Levy returned to the kitchen, placed the cooking pots back in the cupboard, and, using rags he found in a closet, mopped up the kitchen floor. After he placed all the wet rags in a clothes hamper, he spent the next hour looking for anything that might identify Merker’s employer. All he found was the Fort Meade commissary ID in her purse. He walked back to the bedroom for one final look around and noticed a photo of Merker and another black woman who might have been Merker’s sister. She and the other woman were wearing sombreros and grinning and drinking drinks that looked like margaritas.

First Witherspoon and now this young woman. Witherspoon had been a brother in arms and Merker… well, she had been a soldier in her way as well. She had been his adversary-but not his enemy.

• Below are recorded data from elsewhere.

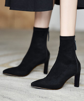 スエード調ショートブーツ 太ヒールブーツ
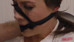 Sexo anal missionário e estilo cãozinho no banheiro, entre Chanel Preston e James Deen. A morena adora levar no seu buraco do cu dilatado
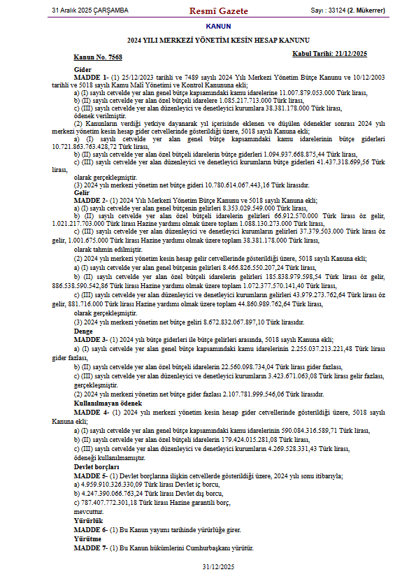 21/12/2025 tarihinde kabul edilen (Kanun No: 7568) 2024 Yılı Merkezi Yönetim Kesin Hesap Kanunu 31 Aralık 2025 tarihli 2. mükerrer Resmi Gazete'de yayımlandı.
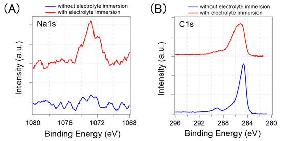 XPS analysis results of graphene with (red line) and without the electrolyte immersion (blue line). (A) Na1s peak (B) C1s peak.
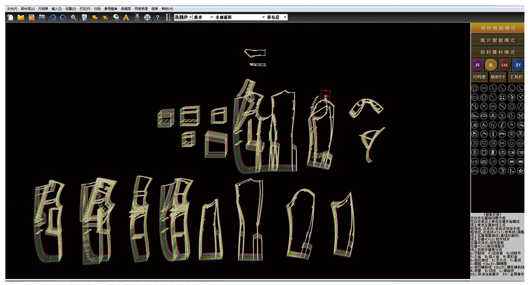 可以将不同款式、不同规格混合排料,并可以设置每个规格及裁片的数量、方向以及对称等。系统根据设置的方式自动计算最佳排料方案,并在规定的时间内完成排料工作。
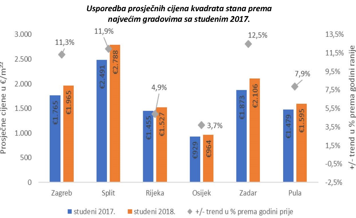 U Zagrebu potencijalni kupci najviše pregledavaju stanove veličine između 50 i 60 kvadrata, te cijene između 60 i 80 tisuća eura, a prosječna tražena cijena za kvadrat stana iznosi 1.965 eura, i za 11 posto je viša u odnosu na isti mjesec prošle godine. Od većih gradova, Split i Zadar bilježe rast cijena stanova za čak 12 posto u odnosu na prošlu godinu, pa je tako u Splitu prosječna tražena cijena po kvadratu stana 2.788 eura, dok je u Zadru ona 2.106 eura. Od ostalih većih gradova, Pula bilježi rast cijena stanova od 8 posto, Rijeka od 5 posto, dok Osijek bilježi rast od gotovo 4 posto.
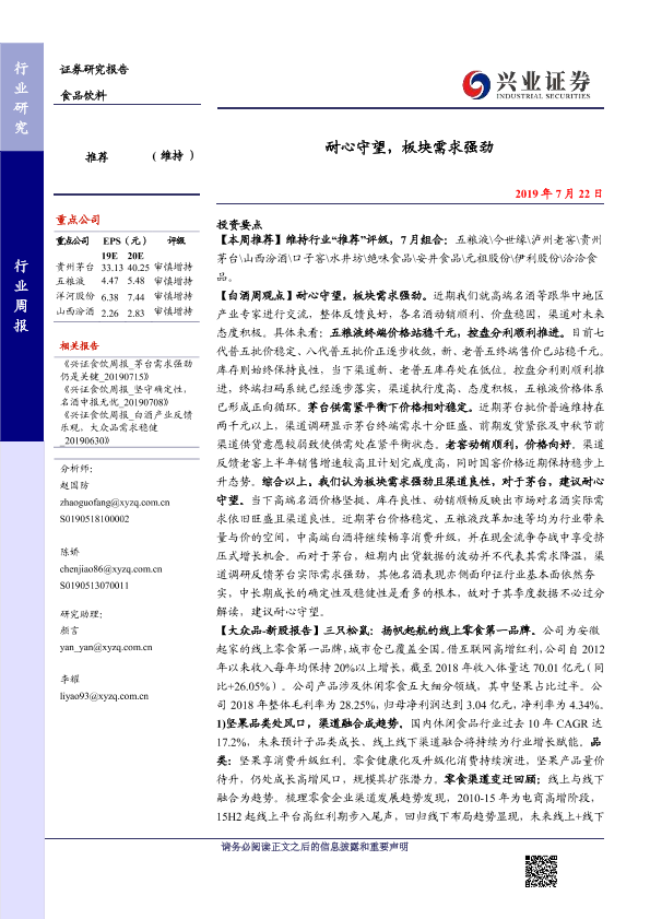 【兴业证券】【20190722】20190722-兴业证券-食品饮料行业周报:耐心守望,板块需求强劲-16页
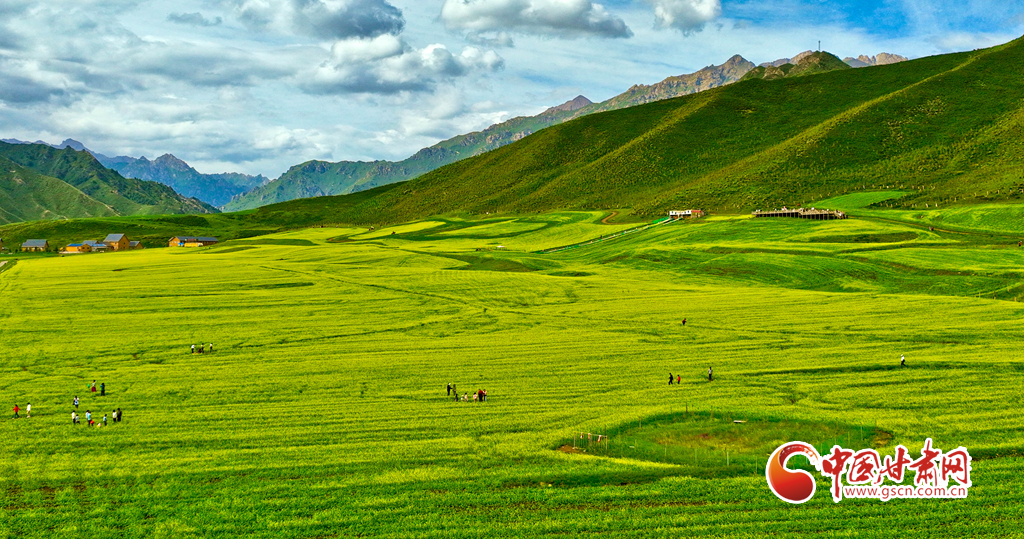 連日來,甘肅省張掖市民樂縣萬畝油菜進(jìn)入盛花期,金黃的油菜花海與草原綠野相連,在藍(lán)天白云的映襯下美不勝收,成為河西走廊地區(qū)的一道別致風(fēng)景,吸引了眾多國(guó)內(nèi)外游客前來觀光旅游。

This was not the way John Levy wanted to serve his country.

18

DeMarco was a lawyer who had never practiced law. And what he had learned about estates and wills back in law school wasn’t even a distant memory; he had no memory of those subjects at all. So he looked in the phone book, found the name of an Arlington lawyer who specialized in wills and estates, and made an appointment.

He told the lawyer his problem, that his cousin had been killed and he was the only relative young enough and close enough to deal with Paul’s estate. But he couldn’t find Paul’s will and he needed to clean out Paul’s apartment and do something with the four grand Paul had in the bank.

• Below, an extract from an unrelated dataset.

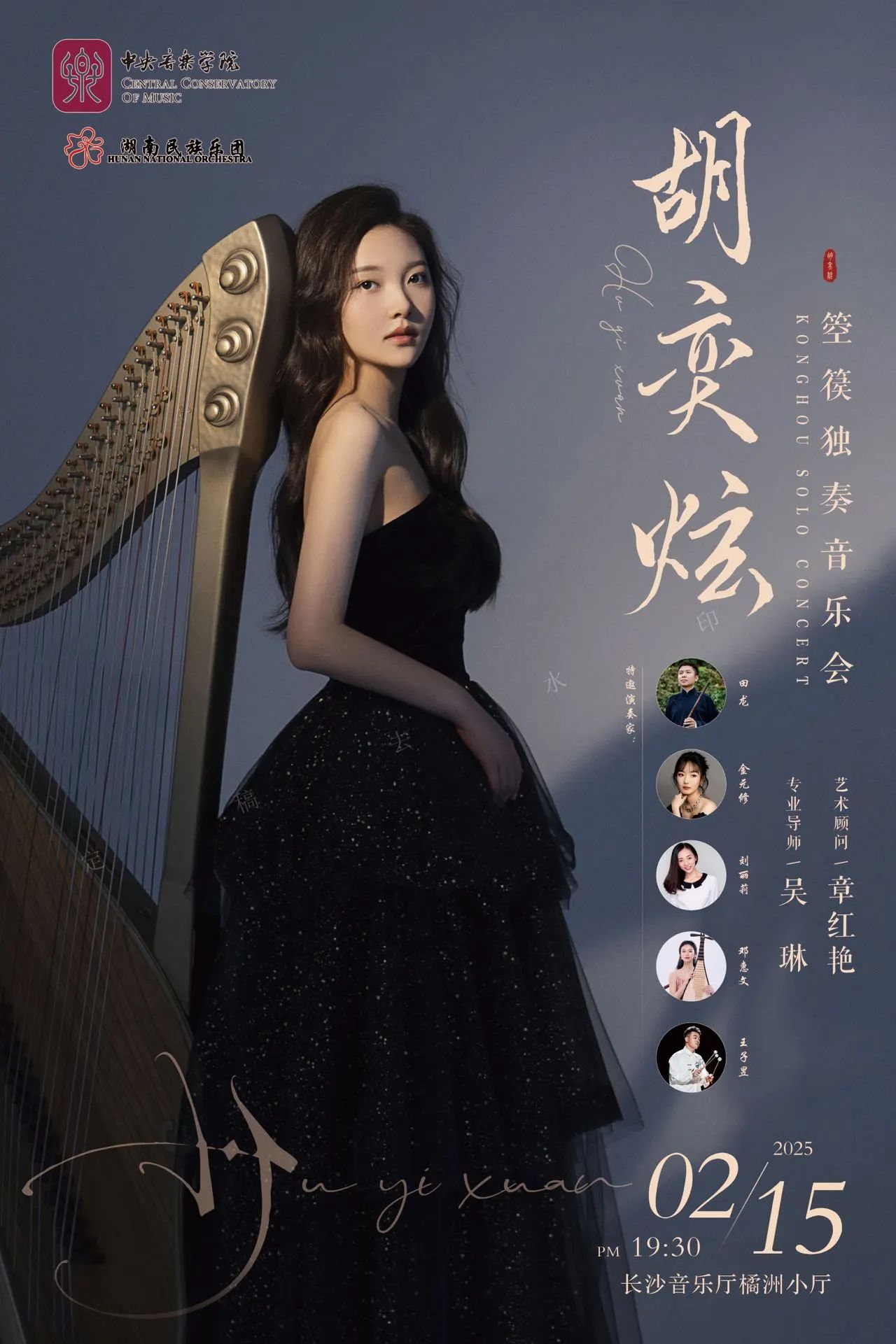 2月15日,一场别开生面的独奏音乐会在长沙音乐厅橘洲小厅拉开帷幕。来自中央音乐学院民乐系箜篌专业本科二年级的学生胡奕炫,为长沙的父老乡亲们献上了一场千年乐器的华丽演出。

The lawyer-a crusty, ill-tempered old fart named Crenshaw-said if Paul had died intestate, DeMarco or some other relative would have to deal with the state of Virginia to probate Paul’s will.

“So can you give me the form I have to submit?” DeMarco asked.

“It’s not quite that simple,” Crenshaw said, after which he went through a mind-numbing discourse about how DeMarco would have to qualify as the administer of the estate, get something called a surety bond, provide lists of all of Paul’s known assets and heirs, and submit reports on a periodic basis to some bureaucratic entity known as the Commissioner of Accounts Office. Then, after what sounded to DeMarco like a decade of paper shuffling, the state would divvy up Paul’s possessions to his relatives in accordance with formulas they used.

“But his only relatives are me, my mother, and an aunt who’s eighty-seven years old,” DeMarco whined. “And none of us want his furniture, and me and my mom both agree Paul’s aunt can have the money. Can I at least clean out his apartment and get rid of his sh-his stuff?”

“No. Mr. Russo’s possessions don’t belong to you,” the lawyer said.

“But what’s Paul’s landlady supposed to do with his furniture? Store it someplace until his estate is settled?”

The lawyer shrugged. “She could get rid of the furniture, I suppose. But if she did, and if one of Paul’s relatives wanted the furniture or the money that could have been obtained if the furniture had been sold, well, then she might have a problem. Someone might sue her.”